• _What you will do_: Once the images are set aside, output the listing exactly as it stands.

• _Available data_:

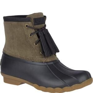 STS84364 Sperry Women's Saltwater Tassel Corduroy Duck Boots - Olive
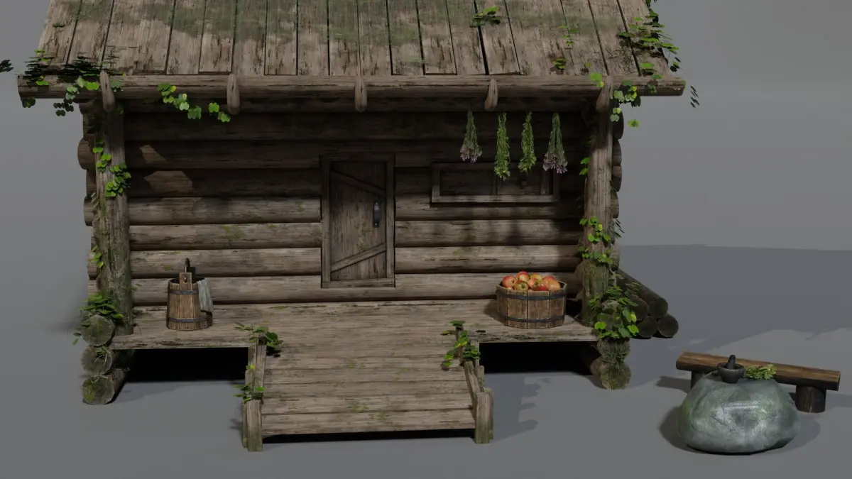 This is a real-time 3D model of a slavic log house, suitable for games and VR.
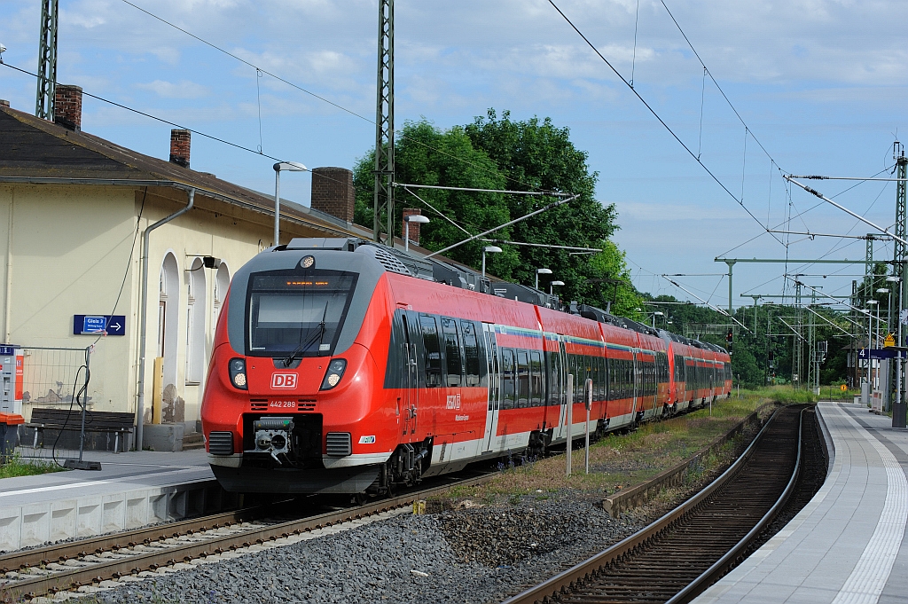 Im Juni fand in Kassel der Hessentag statt. Die DB verlängerte die RE Frankfurt - Treysa in die nordhessische Metropole. Hier fährt am 16.6. ein 442-Doppel durch Guntershausen. |

• _The completed task_:
 STS84364 Sperry Women's Saltwater Tassel Corduroy Duck Boots - Olive
 This is a real-time 3D model of a slavic log house, suitable for games and VR.
 Im Juni fand in Kassel der Hessentag statt. Die DB verlängerte die RE Frankfurt - Treysa in die nordhessische Metropole. Hier fährt am 16.6. ein 442-Doppel durch Guntershausen. |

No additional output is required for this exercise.